The Mercury devoted a paragraph to the new bridge, complaining that the grass on either side of it needed trimming, but adding: “The view from the middle of the bridge, either up or down the stream, is of a charming character, and few persons, I should think, could pass over it without pausing for a moment to take a glimpse of the scenery.”

The lack of ceremony robbed the reporters of a chance to wax lyrical over the new bridge and describe every jot of it, which is a shame because they might have mentioned the two metal protuberances that stick up at either end.

The oil lamp brackets at either end of Thorngate Bridge in Barnard Castle, as photographed by Laura Angel

The oil lamp brackets at either end of Thorngate Bridge in Barnard Castle, as photographed by Laura Angel

A month ago in this column, we were investigating iron frames which had once held oil lamps. We started this very important line of inquiry in Richmond, where there are the remains of one lampholder on Green Bridge.
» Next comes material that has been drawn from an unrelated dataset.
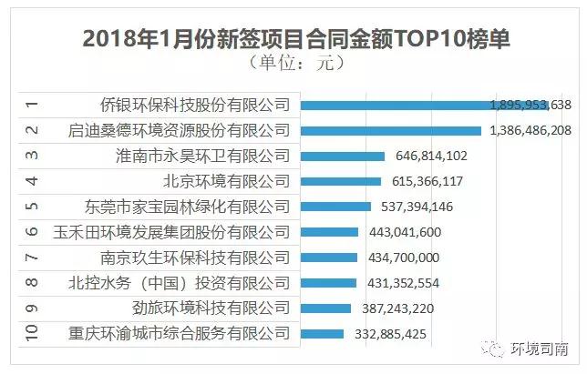 2018年1月份環衛市場化簽約能力TOP10榜單

Then we went to Leyburn, where there is one above the Town Hall door, and we finished on Croft Bridge where there is an extremely similar square frame to the two on Thorngate bridge.

“We have often wondered what these fittings on Thorngate Bridge were used for,” says Laura Angel, sending in some pictures. “Have you solved the mystery?”

Looking Back is certainly claiming that it has.

THERE is still a plaque on the Thorngate Bridge noting that it was built by “Wilson Bros & Co, Engineers, 1882, Darlington”.

Two years after the successful spanning of the Tees, Wilson Bros merged with the Darlington Waggon Company on Albert Hill to form the Darlington Waggon & Engineering Company (DWEC) which, in its brief heyday, built bridges around the world: Mexico, Egypt, France, Ireland, Spain, Argentina, Japan and particularly India and Bangladesh.

The Great Indian Peninsular Railway leaves its headquarters at the Victoria Terminus in Bombay – a building that is regarded as one of the great wonders of the British Empire and which is today called the Chhatrapti Shivaji Terminus in Mumbai – and in its first 100 miles, it crosses 24 bridges, 22 of which were made by DWEC.

There are 28 DWEC bridges around Chittogram, Bangladesh’s second largest city, on the Assam Bengal Railway, which was built to carry tea from the plantations.

However, it is not known if any of these Darlington-made bridges have any square fittings on top of them which once used to carry oil lamps.

And has anyone even been to the extraordinary station in Mumbai? It was built between 1878 and 1887, and is lavishly decorated in a style that combines English Gothic and Indian mysticism. Inside is a series of friezes that tells the history of the railways: one frieze is dedicated to George Stephenson and another to the Stockton & Darlington Railway. Has anyone ever seen them?

The Chhatrapati Shivaji Terminus (formerly Victoria Terminus) in Mumbai in India, which had friezes depicting the Stockton & Darlington Railway

The Chhatrapati Shivaji Terminus (formerly Victoria Terminus) in Mumbai in India, which had friezes depicting the Stockton & Darlington Railway

BACK in Barney, the Thorngate Bridge has withstood all that the Tees can throw at it and everything that man can rain down on it.

In 1924, the dye house of Holroyd and Fieldhouse’s cloth mill collapsed onto the town end of the bridge, catapulting two pedestrians into the river. They were not badly hurt, and the bridge was repaired so that it still carries foot traffic today – just as many of its sister bridges around the world still carry rail traffic to this day.